Ross University Blog

Residency Fair Gives Students Expert Advice on Preparing to Enter the Match

May 29, 2014

Dr. Nancy Selfridge (left) advises students on preparing for residency.

Dr. Nancy Selfridge (left) advises students on preparing for residency.

At the Residency Fair on May 24, 2014, Ross University School of Medicine (RUSM) students had an opportunity to hear from experts in six areas of medicine, and to have individual questions answered by visiting residency program directors and RUSM faculty members and department chairs. Held on the heels of the Professionalism Conference, the event drew many third and fourth semester students to the scenic Seaside Deck where tables were set up for family medicine, internal medicine, pediatrics, OB/GYN, psychiatry and surgery. Students were able to obtain invaluable advice about how to put together a strong application, how to stand out as a candidate, and what they can do to help secure the best residency match to further their career goals.

“Get good letters of recommendation,” advised Dr. Alison Dobbie, RUSM’s Senior Associate Dean for Medical Education. She added that the letters did not necessarily need to be from physicians in the same area of medicine as the residency for which the student is applying. “I’m a family physician. Do I mind getting a letter from an internist? Not at all.”

One student asked, “Would you agree that your Step score just gets you to an interview?”

“Yes,” Dr. Dobbie replied. “They’ve invited to come for an interview. They haven’t ruled you out. As a program director, I couldn’t remember which applicant scored what; if the score was really high I’d remember.”

Several students expressed concern about knowing what information to put in a personal statement when applying for a residency. “With family medicine, you want to bring something extra to the table,” said Dr. Dobbie. “If you have any publications, have shown some creativity, or have demonstrated communication skills, that’s important.”

“What about sounding arrogant on an application?” a student asked.

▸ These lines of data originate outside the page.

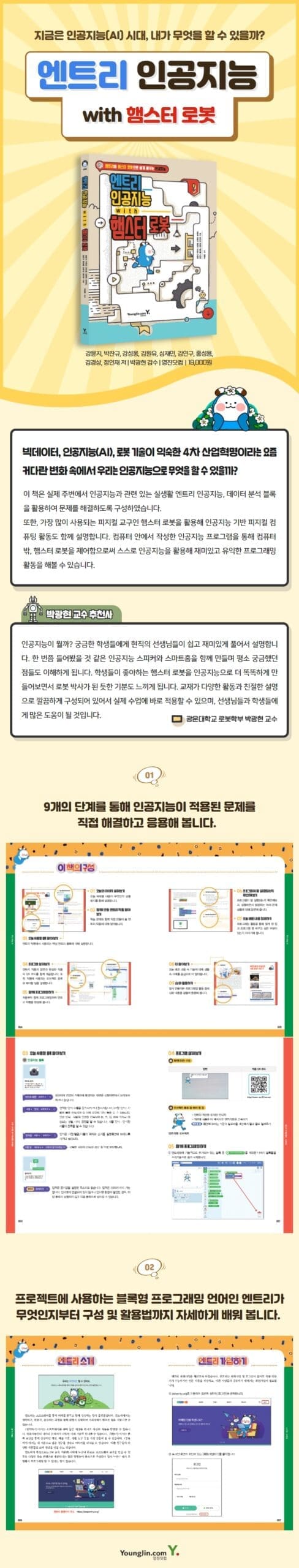 『엔트리 인공지능 with 햄스터 로봇』은 스스로 인공지능을 활용해 재미있고 유익한 프로그래밍 활동을 할 수 있도록 도와준다. “외국인과 대화를 돕는 AI 통번역기”, “계절별 선호 음악 장르를 알려주는 챗봇”, “이미지 모델 학습을 통해 분리수거를 하는 AI 햄스터 로봇” 등 인공지능과 관련된 실생활 문제를 제시하고 블록형 프로그래밍 언어인 엔트리에서 제공하는 인공지능 블록을 이용해 문제를 해결해 본다. 문제당 9개의 단계를 거치면서 인공지능 프로그래밍 시작부터 문제 해결, 그리고 심화 활동을 통한 응용 학습까지 친절하게 설명한다. 나아가 책에서 설명한 인공지능 기술 개념을 생활 속 사례 중심으로 더 자세히 알아본다. 이 책을 통해 엔트리 프로그래밍뿐만 아니라 가장 많이 사용하는 피지컬 교구인 햄스터 로봇을 활용한 프로그래밍까지 누구나 쉽고 재미있게 인공지능을 이해하고 직접 경험해 볼 수 있다.
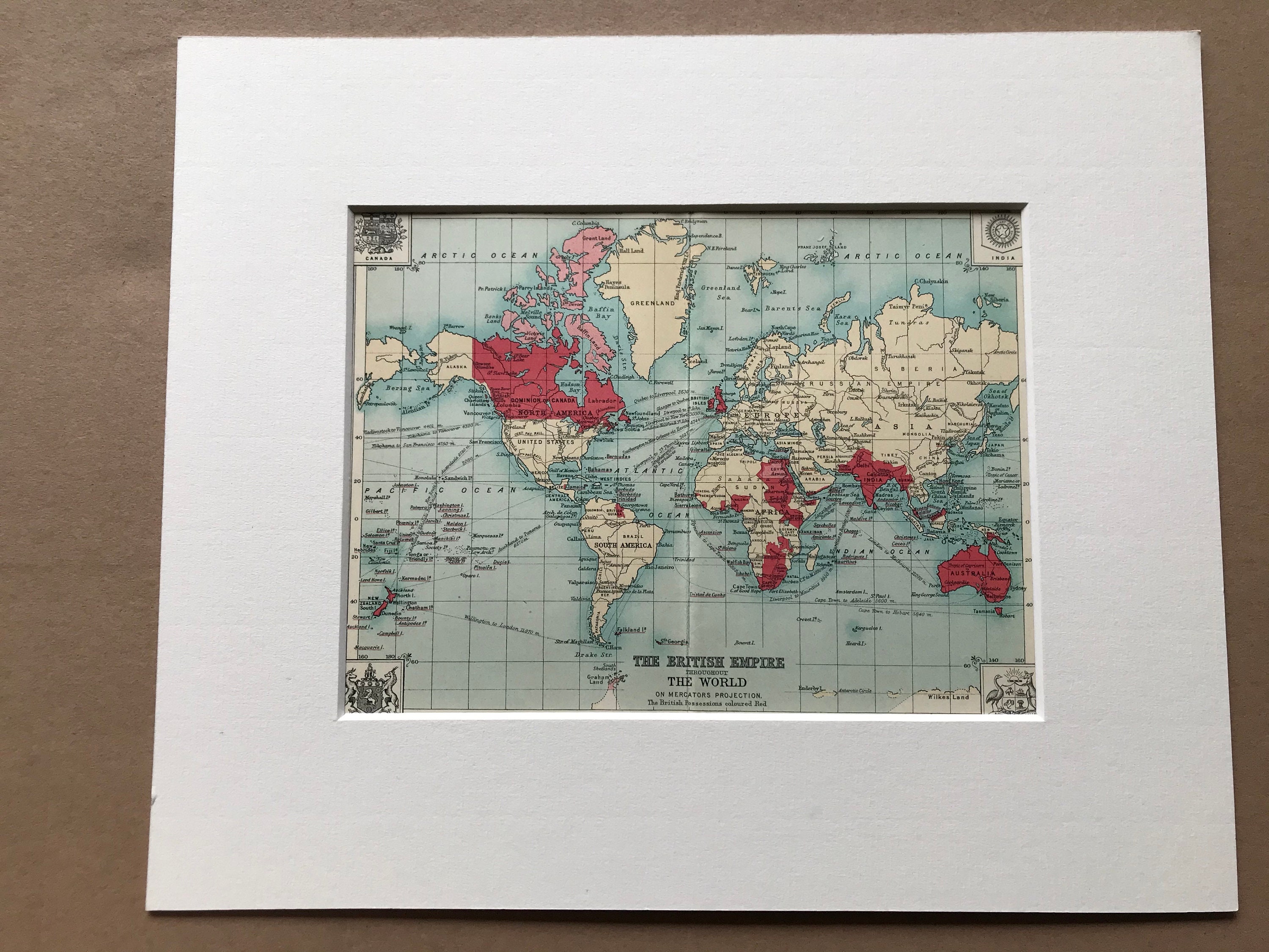This map comes mounted, matted in antique white or black and is also available framed. We use archival matting methods so your map will be held in place with photo corners and will not be fixed to either the mat or the backing board.
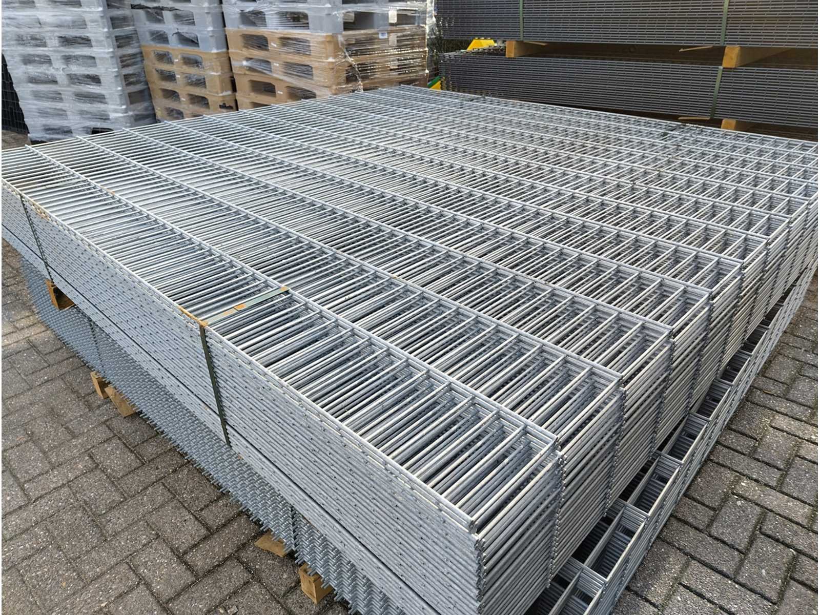 Ongebruikt hekwerk gegalvaniseerd hoogte 243cm lengte 250cm. draadstaaf dikte 8mmx6mmx8mm extra zwaar. totaalgewicht pakket 1490kg Nee Merk: Heras Model: 8/6/8 Lengte: 250cm Hoogte: 243cm
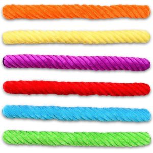 Represent your favorite candy with this officially licensed Rainbow Twizzlers Mini Pillow Set. This set includes a Rainbow Twizzlers pillow with 5 rainbow plush included! Includes 6 removable pieces Fleece material Embossed detail TWIZZLERS trademark and trade dress are used under license Dimensions: 19" w x 8 1/2" h x
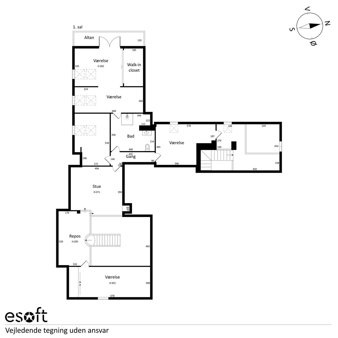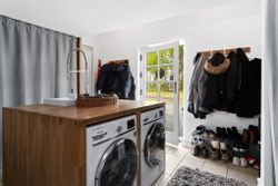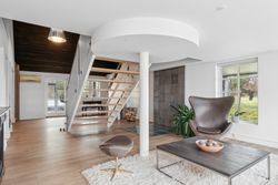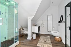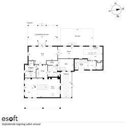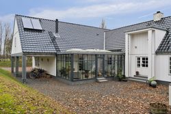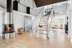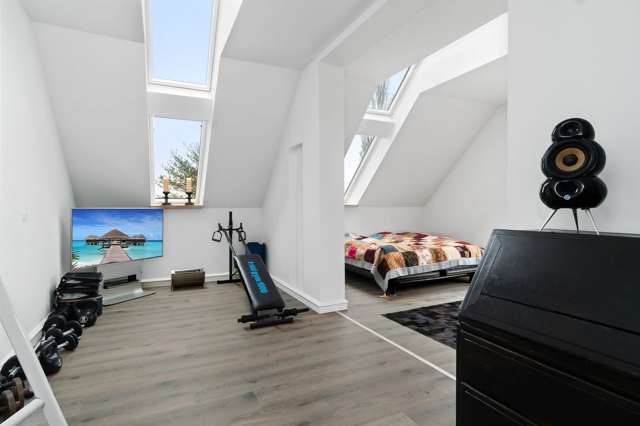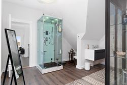 De 358 kvadratmeter bolig er fordelt på to etager med en elegant og funktionel planløsning. Her finder du blandt andet et moderne køkken med amerikansk valnød, rummelige værelser med walk-in-closet og et eksklusivt badeværelse med både brusekabine og badekar. Den integrerede udestue med sortrammede glaspartier og ovenlysvinduer giver boligen et ekstra strejf af luksus.
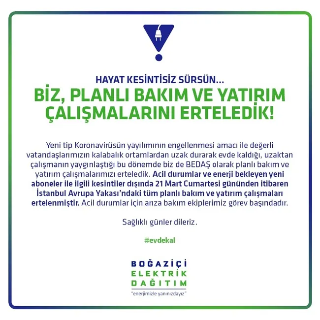 Açıklamada, Kovid-19 yayılımının engellenmesi amacıyla vatadandaşların evde kalması ve uzaktan çalışmanın yaygınlaşması sebebiyle planlı bakım ve yatırım çalışmalarının ertelendiği ifade edilerek, "Acil durumlar ve enerji bekleyen yeni aboneler ile ilgili kesintiler dışında 21 Mart Cumartesi gününden itibaren İstanbul Avrupa Yakası'ndaki tüm planlı bakım ve yatırım çalışmaları ertelenmiştir." denildi.
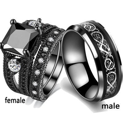 black titanium wedding ring sets
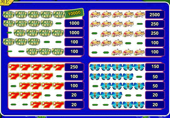 Символ с логотипом игрового автомата «Fairy Land» - самый дорогой в игре, играет только как самостоятельная комбинация. Символ «Хамелеон» второй по стоимости, кроме того это дикий знак, способный играть в других комбинациях, заменяя и дополняя в них символы.
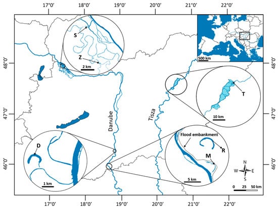 Plant material was collected from six aquatic habitats in Hungary, Central Europe (Figure 1). (i) Tisza Reservoir (T), also known as Lake Tisza, is an area of 127 km2 flooded by the dammed waters of Tisza River (47°40′12.00″ N, 20°45′30.18″ E). In this reservoir, a network of canals with constant water flow maintains the connection with the river. (ii) Schisler (S) and (iii) Zátonyi (Z) oxbows lie on the Szigetköz water plain, where many branches, islands and backwaters are spread between the main Danube channel and the Moson-arm (47°57′10.00″ N, 17°21′33.90″ E and 47°54′14.80″ N, 17°23′17.00″ E, respectively). Schisler has a direct, close connection with the Danube, which is 1.5 km away. The flow of water is intermittent but frequent. Zátonyi is part of the extensive branch system of the Szigetköz, far from the main river channel, with stagnant water. (iv) Decsi (D) and (v) Mocskos (M) oxbows are former Danube side branches lying on the floodplain of the Gemenc and Béda-Karapancsa Landscape Protection Areas (46°16′53.90″ N, 18°51′48.50″ E and 45°58′12.90″ N, 18°46′23.20″ E, respectively). Both can be temporarily connected to the Danube during the river’s floods, but with different frequencies. In the last fifty years, such an event has occurred only on a third of the days at Mocskos, and only on a sixth at Decsi []. (vi) Riha (R) is an isolated backwater on the protected side of the left bank of the Danube near Mohács (river km 1447), supported only by inland inundation (46°0′46.50″ N, 18°45′54.20″ E). The main hydrological differences in the six habitats are briefly summarized in Table 1.
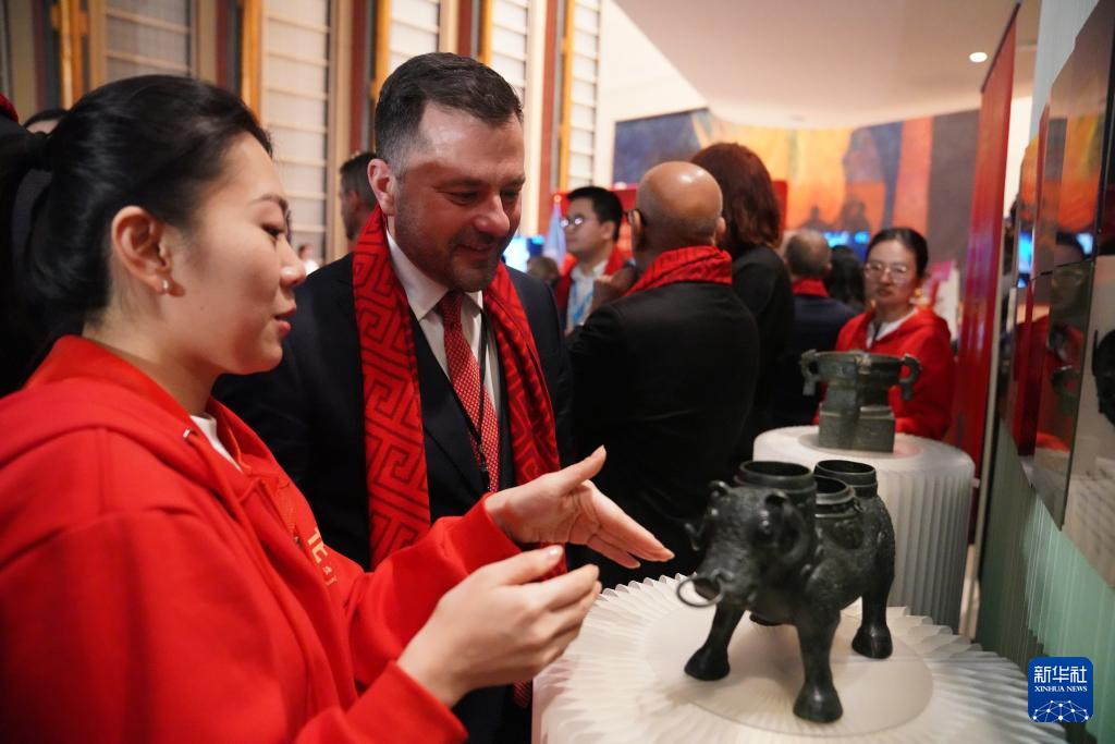 2月9日,在联合国总部举行的“骏启新程”新春庆祝活动上,一名嘉宾听取关于青铜器的讲解。
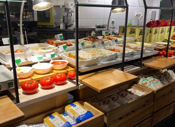 Цього разу вирішили спробувати страви у конкурента “Пузатої хати” (спойлер – трішки перебільшили про конкурентність) – Open. Усі страви тут на вагу – 59 грн за 100 г, набирати потрібно самостійно.
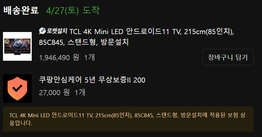 TCL 2년전에 쿠팡에 보험 먹여서 사서 아주 잘쓰고있어요
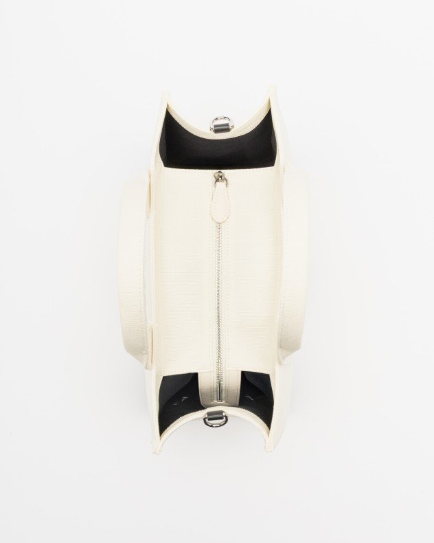 Karl Lagerfeld white and black tote bag in canvas fabric. Double handle and printed address detail: Karl Lagerfeld 21 Rue St-Guillaume.
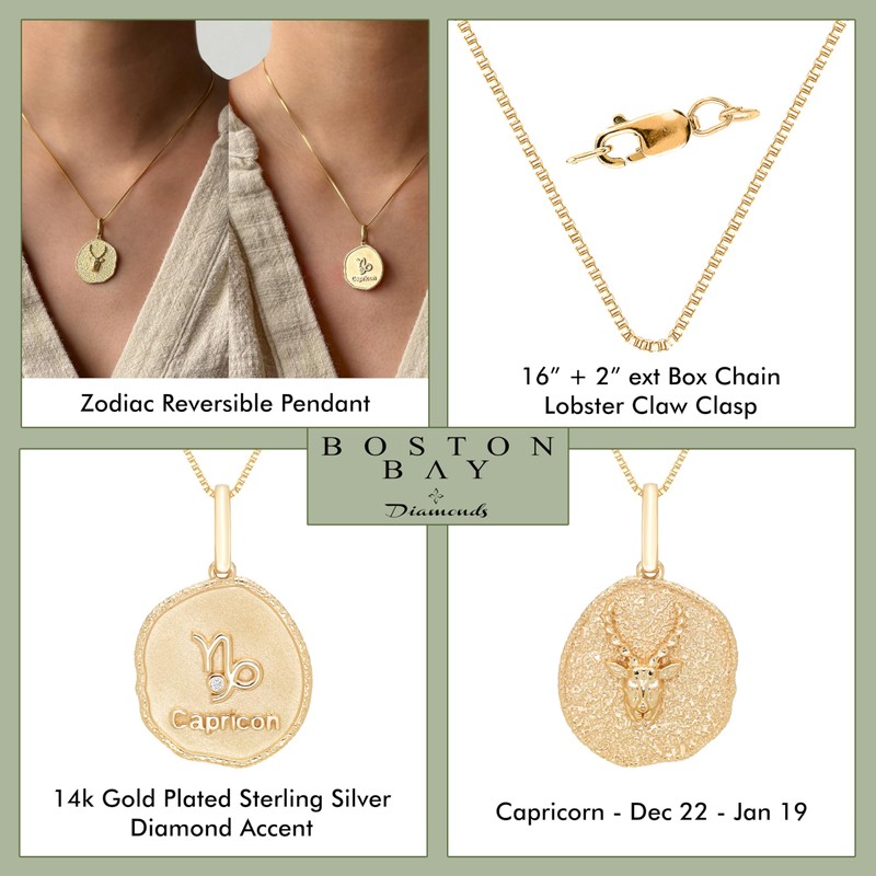 Boston Bay Diamonds Reversible Double Sided Freeform Round Diamond Capricorn Zodiac Astrology Pendant Necklace in 14K Yellow Gold Plated Sterling Silver with 18 Inch Box Chain

“Facts are facts,” responded Dr. Dobbie. “If you’re a black belt, write that down; if you ran five marathons, write that down. Any additional language is good, especially if you go to N.Y., Dallas, or another big city. Even if you’re not fluent, the connection with a patient who speaks that language can be phenomenal.”

“What about other jobs you’ve had?” asked a student.

Dr. Dobbie replied that, “You definitely want to put down your prior jobs on the application. If you worked a proper job, I want to know that. You are students who have other, positive, things to bring. You speak other languages. You’ve been to other countries. You are grownups.”

Additionally, Dr. Dobbie advised, the way to succeed during clinical rotations and to achieve the credentials and letters of recommendation for an outstanding residency application are: “Turn up early every day, fresh and shiny, appropriately dressed. If you don’t know what to wear, go the first day in a shirt and tie. Scrubs are sometimes acceptable, but don’t ever turn up the first day in scrubs.”